## Given data
--
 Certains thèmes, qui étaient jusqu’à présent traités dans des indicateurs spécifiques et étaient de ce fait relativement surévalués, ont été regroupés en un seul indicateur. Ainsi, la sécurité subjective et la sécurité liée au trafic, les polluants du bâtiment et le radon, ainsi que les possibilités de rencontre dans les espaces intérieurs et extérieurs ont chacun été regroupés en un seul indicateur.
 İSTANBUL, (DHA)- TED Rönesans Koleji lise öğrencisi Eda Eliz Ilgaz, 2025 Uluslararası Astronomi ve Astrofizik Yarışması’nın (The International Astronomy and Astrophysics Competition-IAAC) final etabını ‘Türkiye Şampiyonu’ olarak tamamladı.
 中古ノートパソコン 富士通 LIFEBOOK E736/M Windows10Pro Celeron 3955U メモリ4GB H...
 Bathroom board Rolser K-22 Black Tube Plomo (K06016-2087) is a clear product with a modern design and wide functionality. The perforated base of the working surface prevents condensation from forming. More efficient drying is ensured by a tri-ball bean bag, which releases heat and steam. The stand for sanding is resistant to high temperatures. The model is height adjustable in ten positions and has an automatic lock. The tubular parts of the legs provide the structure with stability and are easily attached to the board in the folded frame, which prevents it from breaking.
--
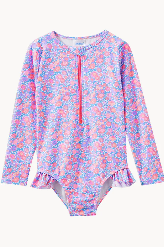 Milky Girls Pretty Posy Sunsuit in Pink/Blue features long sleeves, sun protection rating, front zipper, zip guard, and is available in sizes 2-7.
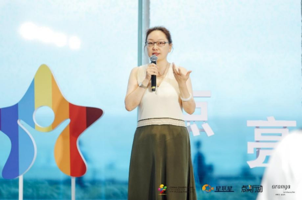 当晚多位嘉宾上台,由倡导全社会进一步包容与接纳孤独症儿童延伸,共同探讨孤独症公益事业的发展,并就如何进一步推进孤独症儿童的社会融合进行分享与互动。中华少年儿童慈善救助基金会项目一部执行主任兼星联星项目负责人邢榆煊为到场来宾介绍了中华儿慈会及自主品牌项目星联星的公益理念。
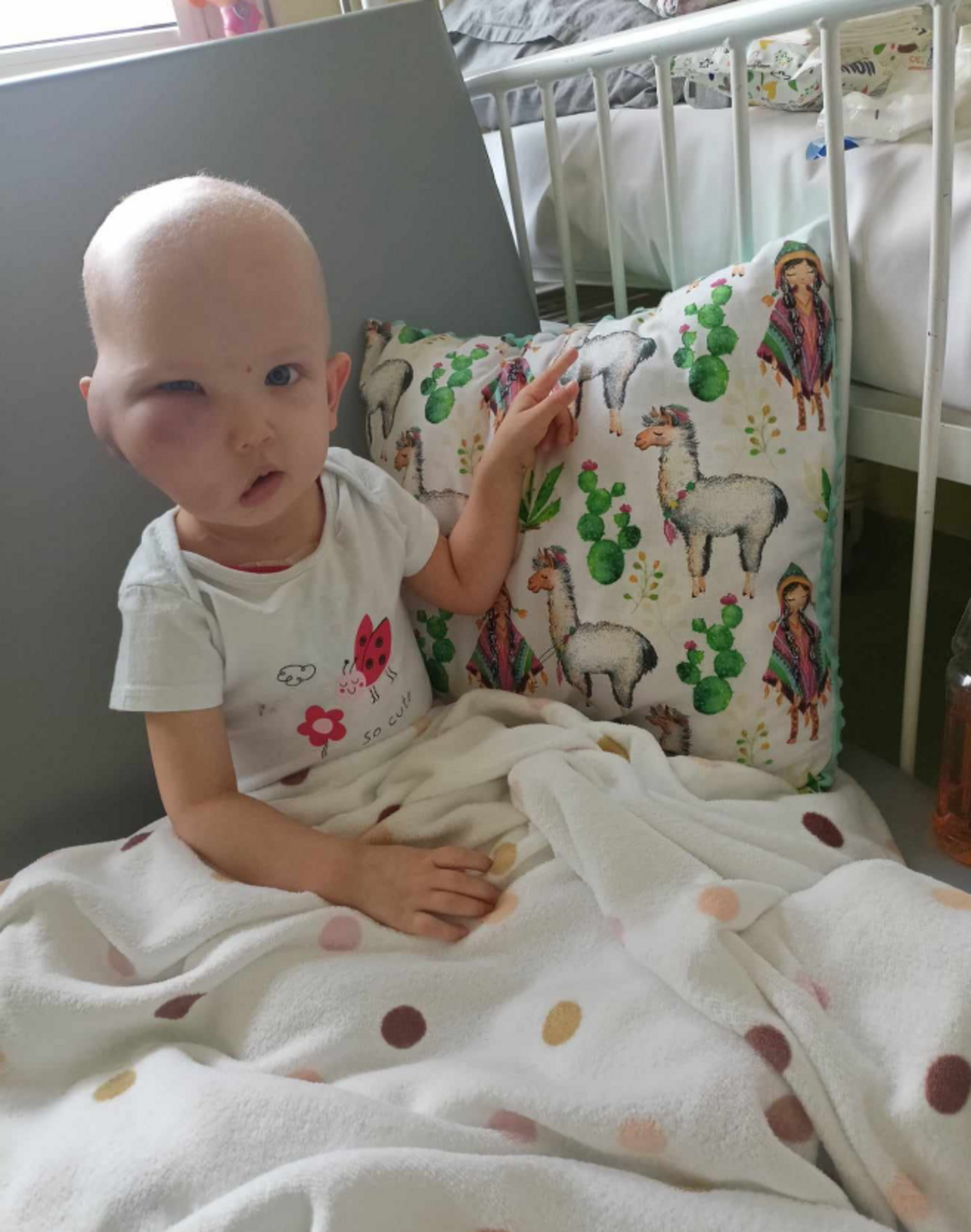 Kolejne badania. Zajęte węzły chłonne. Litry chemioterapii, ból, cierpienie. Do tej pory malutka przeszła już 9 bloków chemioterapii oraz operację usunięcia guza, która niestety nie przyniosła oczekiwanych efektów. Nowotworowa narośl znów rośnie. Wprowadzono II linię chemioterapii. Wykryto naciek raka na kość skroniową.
--
Pictures aside, return exactly the lines from the data above, starting at the line that has "Milky Girls Pretty" and ending at the line that has "Kolejne badania. Zajęte", both included.

 Milky Girls Pretty Posy Sunsuit in Pink/Blue features long sleeves, sun protection rating, front zipper, zip guard, and is available in sizes 2-7.
 当晚多位嘉宾上台,由倡导全社会进一步包容与接纳孤独症儿童延伸,共同探讨孤独症公益事业的发展,并就如何进一步推进孤独症儿童的社会融合进行分享与互动。中华少年儿童慈善救助基金会项目一部执行主任兼星联星项目负责人邢榆煊为到场来宾介绍了中华儿慈会及自主品牌项目星联星的公益理念。
 Kolejne badania. Zajęte węzły chłonne. Litry chemioterapii, ból, cierpienie. Do tej pory malutka przeszła już 9 bloków chemioterapii oraz operację usunięcia guza, która niestety nie przyniosła oczekiwanych efektów. Nowotworowa narośl znów rośnie. Wprowadzono II linię chemioterapii. Wykryto naciek raka na kość skroniową.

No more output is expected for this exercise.